The figures for July and August were also revised upwards, to 236,000 and 227,000 job creations respectively. In total over these two months, 119,000 more jobs were created than initially announced.

These figures “signal a solid positive dynamic in employment growth”, underlines Rubeela Farooqi, economist for HFE.

However, she qualifies, emphasizing that “wages have decelerated and the unemployment rate has remained stable at its highest level since February 2022”, which could signal that the situation continues to rebalance.

The United States has experienced a significant labor shortage for two years, which has caused wages to soar, contributing to inflation.
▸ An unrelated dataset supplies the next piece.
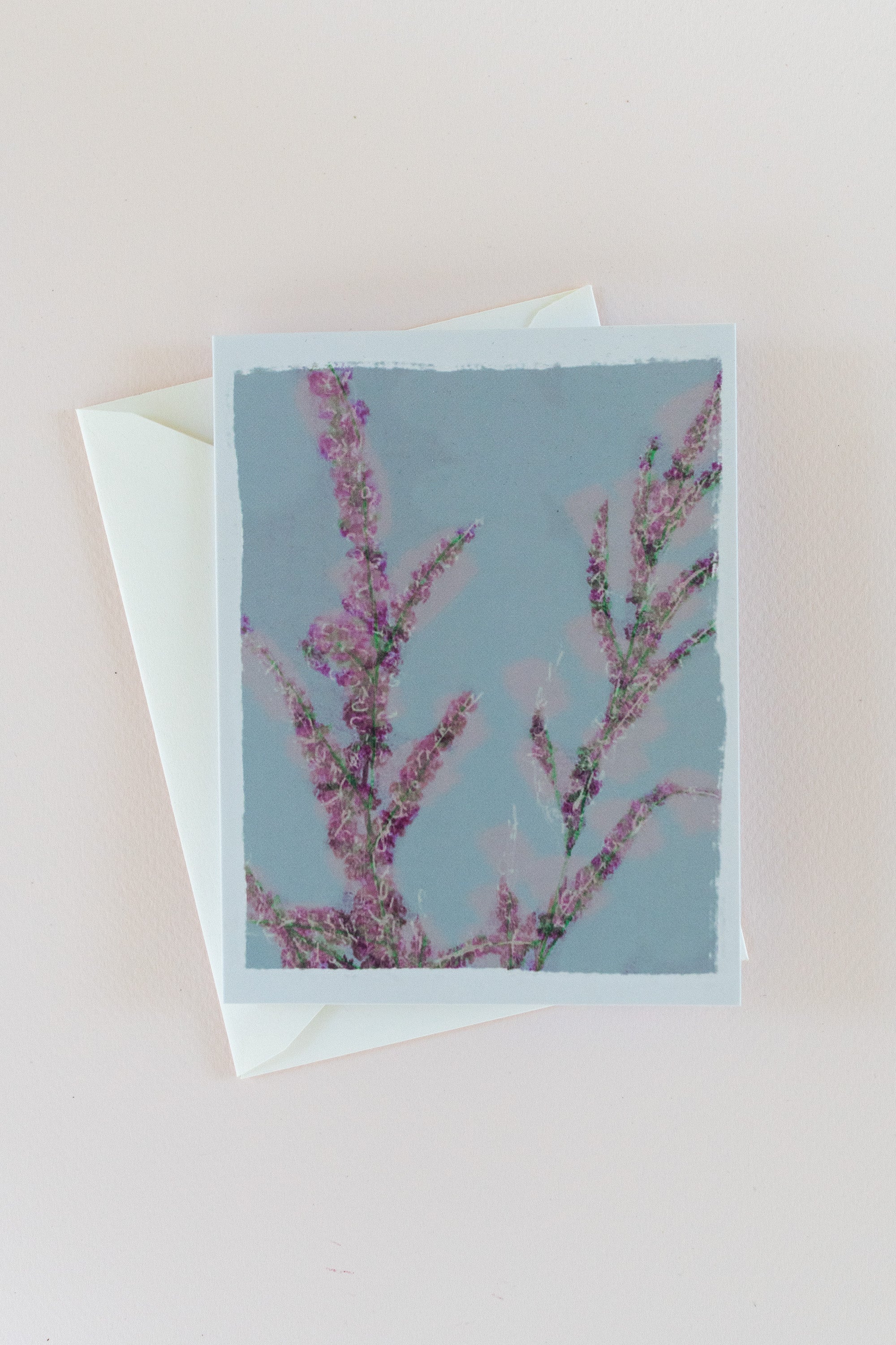 This pretty greeting card features a soft, painterly design of a heather plant.

But by August, an influx of new workers had pushed the unemployment rate to 3.8%, its highest level since February 2022, suggesting that the situation could begin to rebalance.

Analysts, therefore, expected a slowdown in September, and were counting on 158,000 job creations, and a slight drop in unemployment, to 3.7%, according to the Briefing.com consensus.

Especially since the figures for the private sector alone, published on Wednesday, showed job creation halved compared to August, according to the monthly ADP/Stanford Lab survey.

This is the lowest rate of growth observed since January 2021 and it marks a “deepening of the slowdown”, which is accompanied by a “marked decline in the rate of growth of wages over the last twelve months”, commented the ADP chief economist, Nela Richardson.

The signals are not all pointing in the same direction, however. The number of job vacancies jumped unexpectedly in late August to 9.6 million, according to data released Tuesday by the Labor Department in its JOLTS report.

This shows that the labor shortage remains strong, and could weigh in the balance in favor of an additional increase in rates from the American central bank (Fed).

The employment situation is in fact being watched very closely by the Fed, which is working to bring down inflation.

The president of the institution, Jerome Powell, traveled Monday to York, Pennsylvania, a city whose activity is mainly manufacturing, to meet economic players.

The majority said that recruitment difficulties remained their main concern.

Economic actors also cited, among their difficulties, inflation, or the rise in interest rates, which restricts their ability to invest and therefore to grow.